Но если она не спит… если она ждет его… разве он не дал понять совершенно ясно, что не вернется в эту ночь? Или в любую другую ночь, пока способен управлять своими страстями. Мысль о том, что она может ждать его… нет. Он должен был проверить.
Он открыл дверь очень тихо. Если бы она уже спала, последнее, что он хотел сделать, — это разбудить ее. Огонь в камине прогорел до углей, но рядом с кроватью все еще мерцала лампа. В этой огромной кровати лежала его жена и сонно дышала, обняв подушку, словно прильнув к любовнику.

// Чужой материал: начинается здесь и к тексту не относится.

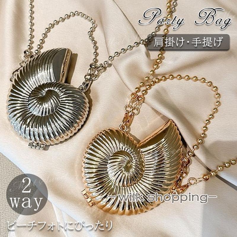 パーティーバッグ 2way ミニバック 巻貝 螺 斜め掛け チェーン ハンドバッグ ショルダーバッグ 結婚式 二次会 披露宴 発表会 同窓会 お呼ばれ フォーマル

Он должен был сохранить самообладание, иначе вряд ли сможет разделить с ней постель.
Мягко ступая, он подошел и посмотрел на нее сверху вниз. О дьявол! Ее глаза были покрасневшими, ее бледные щеки исполосованы следами от слез. То, что она плакала, пока не заснула, ударило его в самое сердце.
Он смотрел на нее. Она утверждала, что никогда не хотела заманивать его в ловушку, что собиралась стать его любовницей. А потом купить аннуитет. Неужели она действительно думала сохранить в тайне подобный обман? Эта мысль расстроила его. Мог бы он хоть когда-нибудь узнать истину, если бы Хардинг не дознался, что Верити Скотт жива?

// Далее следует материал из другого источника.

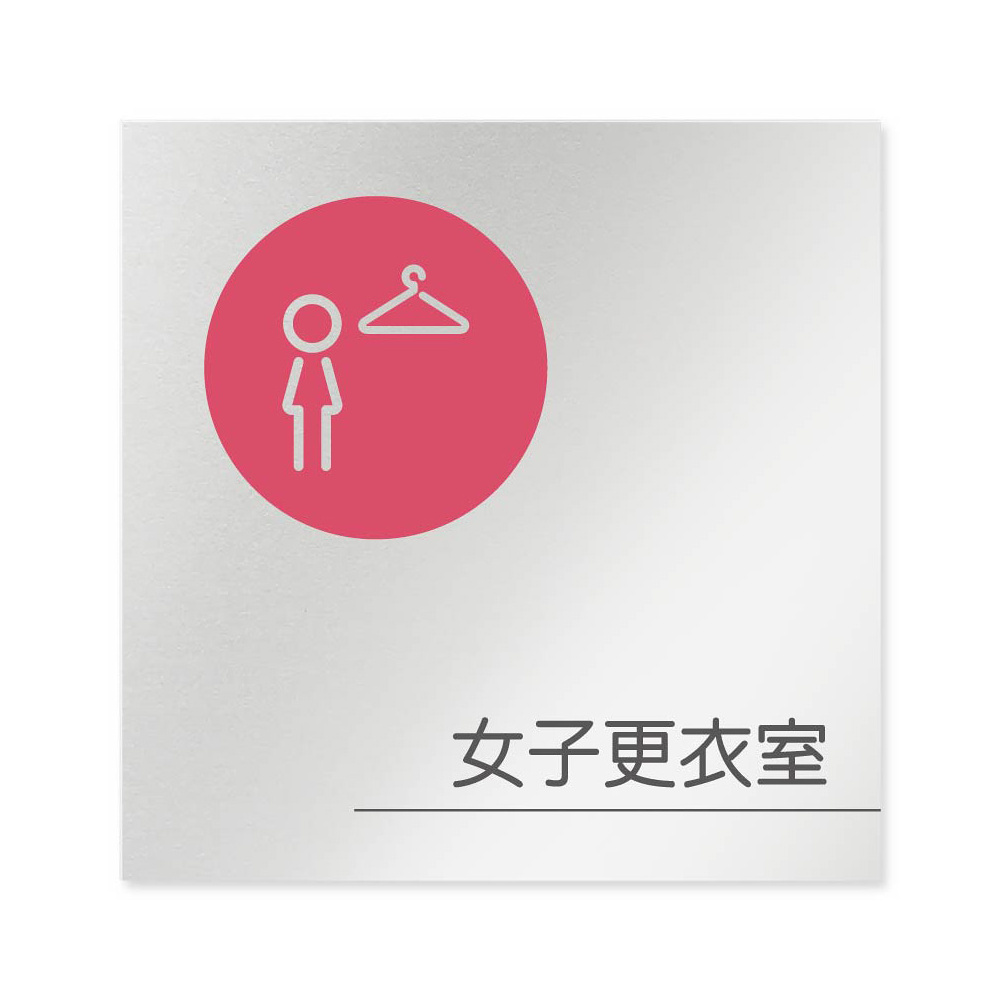 デザイナールームプレート 飲食店向け サークル 女子更衣室 アルミ板 W150×H150 (AL-1515-RA-KM2-0120)

Его пальцы потянулись погладить ее влажные щеки. Он отступил, дрожа. Подавив проклятие, прикрыл покрывалом ее плечи, отвергая искушение, преодолевая яростный протест своего тела, неотступно жаждущего оказаться в кровати рядом с ней и заняться с ней любовью, заглушая свое сердце, которое стремилось утешить ее. Любой ценой он должен был держаться от нее на расстоянии.
У нее нет причин плакать, жестко сказал он себе. Она получила то, чего добивалась, — безопасность. Во всех материальных смыслах.
Если бы только она не была Верити Скотт! Женщина, которую он должен был защитить своим именем, не имея другого выбора. Если бы только она была — если уж начистоту — Селиной! Он взглянул на нее еще раз. Темные тени под глазами вызвали укол боли. Она, должно быть, измучена. Он осторожно вновь провел пальцами по ее щеке. Такая мягкая. Шелковая.
— Спокойных снов.
Он услышал тихий вздох. Она уютно прижалась к подушке и подставила щеку под его ласки. Он неохотно отнял руку.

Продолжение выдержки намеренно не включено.